See the GraphRAG Guide for the full architecture.


What hazeljs-rag-graph-starter Does

The starter is a minimal HazelJS app that:

  • Indexes HazelJS docs from hazeljs-landing/src/content/docs (.md and .mdx)
  • Exposes a REST API for building the graph and searching
  • Supports all three search modes: local, global, hybrid

By default, it loads docs from the sibling hazeljs-landing directory — so you can run it alongside the docs repo and query the same content you're reading.

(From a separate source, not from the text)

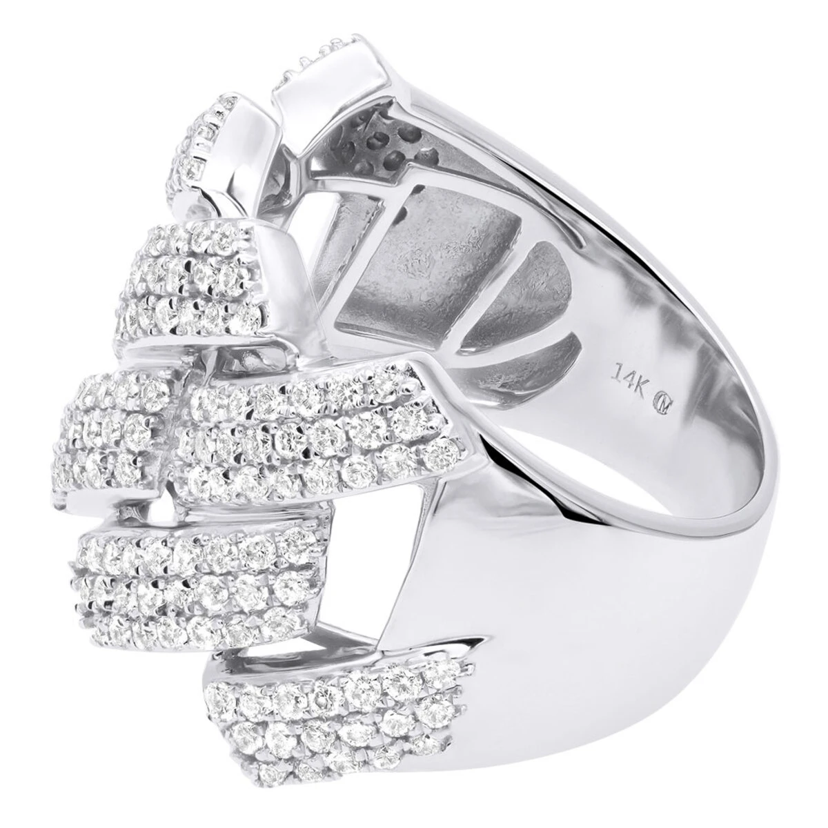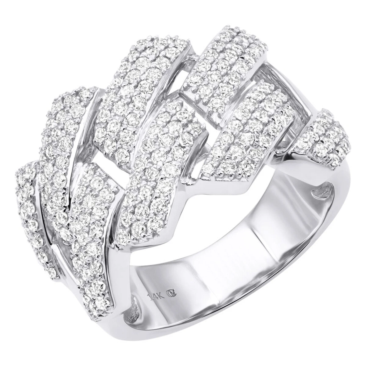 Solid 14K White Gold Cuban Link Ring Iced Out Men’s Diamond Band 2 Carats

You can also point it at any directory, file, or raw text array.


Quick Start

# Clone or navigate to hazeljs-rag-graph-starter
cd hazeljs-rag-graph-starter

# Add your OpenAI API key
cp .env.example .env
# Edit .env and set OPENAI_API_KEY=sk-...

# Install and run
npm install
npm run dev
Enter fullscreen mode Exit fullscreen mode

Then:

# 1. Build the graph from hazeljs-landing docs (default)
curl -X POST http://localhost:3000/api/graphrag/build \
  -H "Content-Type: application/json" \
  -d '{}'

# 2. Search (hybrid mode — local + global)
curl -X POST http://localhost:3000/api/graphrag/search \
  -H "Content-Type: application/json" \
  -d '{"query":"How does GraphRAG work and when should I use it?"}'
Enter fullscreen mode Exit fullscreen mode

The first call extracts entities and relationships from all docs, detects communities, and generates reports. The second call runs hybrid search and returns an LLM-synthesized answer with entities and communities used as context.


Search Modes in Detail

Local Search — Entity-Centric

Best for specific "what is / how does" questions about named concepts, technologies, or features.

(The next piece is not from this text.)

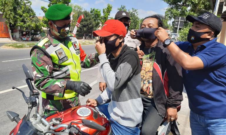 LAMONGAN (radarjatim.id) Upaya penerapan new normal masih terus digencarkan di wilayah tugas Kodim 0812/Lamongan. Berbagai sanksi, hingga teguran pun tak segan-segan diberikan oleh petugas protokol kesehatan yang terdiri dari aparat TNI, Polri dan Pemda setempat.
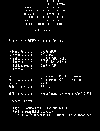 | FiLENAME: | Elementary.S06E09.Niemand.lebt.ewig.GERMAN.DUBBED.DL.720p.WebHD.h264-euHD.mkv |

curl -X POST http://localhost:3000/api/graphrag/search/local \
  -H "Content-Type: application/json" \
  -d '{"query":"What is the RAG package and what loaders does it support?"}'
Enter fullscreen mode Exit fullscreen mode

How it works: Finds seed entities matching the query (e.g. "RAG", "loaders"), traverses the graph up to K hops, assembles entity + relationship context, and synthesizes an answer.

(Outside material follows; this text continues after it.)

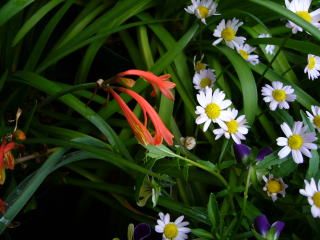 | 4/25 | 良いお天気かと思うもつかの間、突然雷鳴がとどろき雨、それも霰か雹か、ころころアスファルトを転がって行きます。オープンの準備をしていたものをひっこめたり、また出したり・・・ でも短時間で晴れてほっとしました。 第3日目も無事に終えることができました。来て頂いたすべてのかたに感謝申し上げます。 このホームページを読んでくださっているかたも多く「庭主病気のため」などと書いたものですからご心配やお気遣いをいただきありがとうございました。聞き取りにくい声でお話してすみませんでした。でもだいたいは通じたかな?(^^;) また来年もできたらいいなと思っています。これからもどうぞよろしくおつきあいくださいませ。 フェリシア 今日の門前チューリップ 魅力的なスィトピー ファセリア一眼のマクロレンズでも撮ってみたのですが、とくに↑ファセリアの中のレース模様、本日の所はすべて失敗でした。従ってこれらはコンデジの写真です。(^^;)残念。 写真教室のお仲間も来てくださったのですが、どんな写真が撮れましたか?またBBSで見せてくださいね。 すぐご近所にもオープンのお宅があるのですが、うちから流れたお客様が家に上げてもらってお茶の接待を受けたそうで、みんなとても喜んでお帰りでした。夫までご馳走になったというので私もあとでうかがいました。(笑)ご主人様がコーヒーの係。奥様のお得意の絵の作品も見せていただきました。 ![]() こうしてオープンガーデンも楽しく、無事に終わりました。 みなさんありがとうございました。またお会いしましょう♪ |

Global Search — Community Reports

Best for broad, thematic questions that span many parts of the knowledge base.

curl -X POST http://localhost:3000/api/graphrag/search/global \
  -H "Content-Type: application/json" \
  -d '{"query":"What are the main architectural layers of HazelJS?"}'
Enter fullscreen mode Exit fullscreen mode

How it works: Ranks community reports by query relevance, assembles the top-K summaries as context, and synthesizes a holistic answer.

Hybrid Search — Recommended Default

Runs local and global in parallel, merges both contexts, and makes a single LLM synthesis call. Covers specific entities and broad themes in one go.

curl -X POST http://localhost:3000/api/graphrag/search \
  -H "Content-Type: application/json" \
  -d '{"query":"What vector stores does @hazeljs/rag support and how do I swap them?"}'
Enter fullscreen mode Exit fullscreen mode

API Reference

Endpoint Method Description
/api/graphrag/build POST Build graph from default docs, or pass dirPath, filePath, or texts
/api/graphrag/search POST Hybrid search (default)
/api/graphrag/search/local POST Entity-centric local search
/api/graphrag/search/global POST Community-report global search
/api/graphrag/graph GET Full knowledge graph (entities, relationships, communities)
/api/graphrag/communities GET Community reports only
/api/graphrag/stats GET Entity count, relationship count, community count
/api/graphrag/clear DELETE Wipe the graph

Project Structure

hazeljs-rag-graph-starter/
├── src/
│   ├── graphrag/
│   │   ├── dto/graphrag.dto.ts      # Request/response types
│   │   ├── graphrag.controller.ts  # REST endpoints
│   │   ├── graphrag.module.ts      # HazelJS module
│   │   └── graphrag.service.ts     # GraphRAGPipeline wrapper
│   ├── health/health.controller.ts
│   ├── app.module.ts
│   └── main.ts
├── .env.example
├── package.json
└── README.md
Enter fullscreen mode Exit fullscreen mode

The GraphRAGService wraps GraphRAGPipeline from @hazeljs/rag, configures the OpenAI LLM for extraction and synthesis, and uses DirectoryLoader to load .md and .mdx files from the default docs path.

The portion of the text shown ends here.